[[ Information shown, beginning ]]

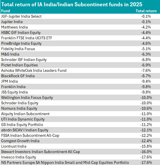 All of these forces ultimately filtered through to fund‑level performance, with all funds in the IA India/Indian Subcontinent sector ending the year in negative territory.
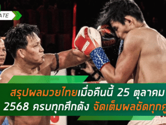 สรุปผลมวยไทยเมื่อคืนนี้ 25 ตุลาคม 2568 ครบทุกศึกดัง จัดเต็มผลชัดทุกคู่ ดูมวยไทย ย้อนหลังได้ที่ BANKEELA
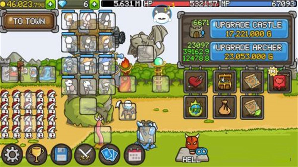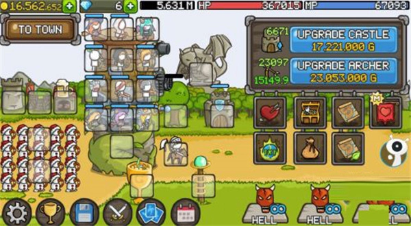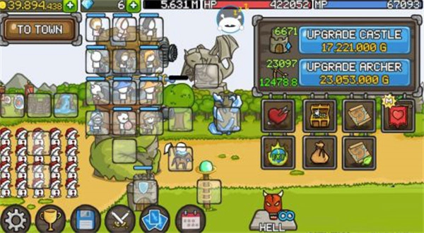 城堡塔楼具备成长功能,每一层都能安置英雄。当金钱逐渐增多时,就可以购买更多的英雄以及装备武器。
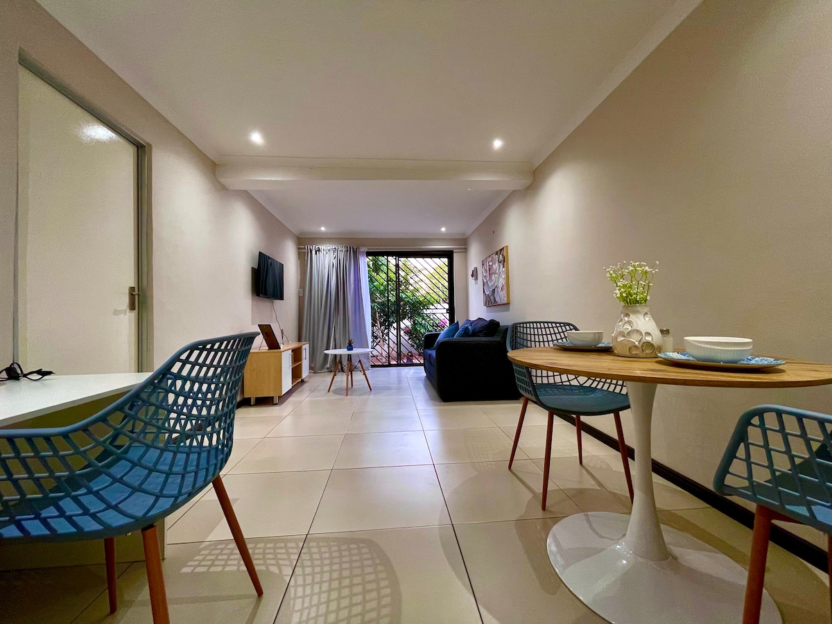 Modern, secure and centrally situated double-story apartment in Windhoek's CBD. This newly renovated two-bedroom flat is on the ground floor of a very popular apartment building that has a small communal swimming pool and barbeque area, both of which you can book for exclusive use (at no extra cost). Fast WiFi, big flatscreen, dedicated workspace, Aircon in living room and 1 bedroom. Washing machine, dishwasher. Safe, shaded parking. The perfect place for 2 couples or a family of 4.
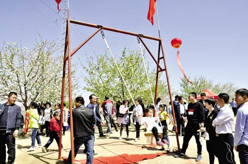 4月23日,為了進一步鞏固脫貧成效,提升鄉(xiāng)村旅游品牌效應,展示當?shù)靥厣r(nóng)產(chǎn)品和黃土高原的風土人情,保德縣楊家灣鎮(zhèn)段家溝村隆重舉辦了首屆美麗鄉(xiāng)村賞花攝影節(jié)。圖為前來賞花的游客正在蕩秋千。(劉澤宇 攝)
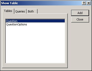By including the options as rows in another table, we help reduce redundant fields and we can choose to have as many or few options for each question as we like. After all, options are just rows or records in the QuestionOptions table. We'll also see later that having a separate table for the options makes the programming a little easier. We can create the options in the page by just looping through a recordset from the QuestionOptions table until we hit Eof, rather than having to find some way of guessing how many fields are used and how many are redundant.
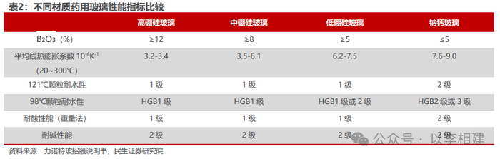 2.1.1 药玻四项分类:高/中/低硼硅玻璃、纳钙玻璃

[[ Information shown, end ]]

Task brief -
Print the lines from the beginning of the records up to and including the line containing "4月23日,為了進一步鞏固脫", word for word, with no pictures.

Solution to this task -
 All of these forces ultimately filtered through to fund‑level performance, with all funds in the IA India/Indian Subcontinent sector ending the year in negative territory.
 สรุปผลมวยไทยเมื่อคืนนี้ 25 ตุลาคม 2568 ครบทุกศึกดัง จัดเต็มผลชัดทุกคู่ ดูมวยไทย ย้อนหลังได้ที่ BANKEELA
 城堡塔楼具备成长功能,每一层都能安置英雄。当金钱逐渐增多时,就可以购买更多的英雄以及装备武器。
 Modern, secure and centrally situated double-story apartment in Windhoek's CBD. This newly renovated two-bedroom flat is on the ground floor of a very popular apartment building that has a small communal swimming pool and barbeque area, both of which you can book for exclusive use (at no extra cost). Fast WiFi, big flatscreen, dedicated workspace, Aircon in living room and 1 bedroom. Washing machine, dishwasher. Safe, shaded parking. The perfect place for 2 couples or a family of 4.
 4月23日,為了進一步鞏固脫貧成效,提升鄉(xiāng)村旅游品牌效應,展示當?shù)靥厣r(nóng)產(chǎn)品和黃土高原的風土人情,保德縣楊家灣鎮(zhèn)段家溝村隆重舉辦了首屆美麗鄉(xiāng)村賞花攝影節(jié)。圖為前來賞花的游客正在蕩秋千。(劉澤宇 攝)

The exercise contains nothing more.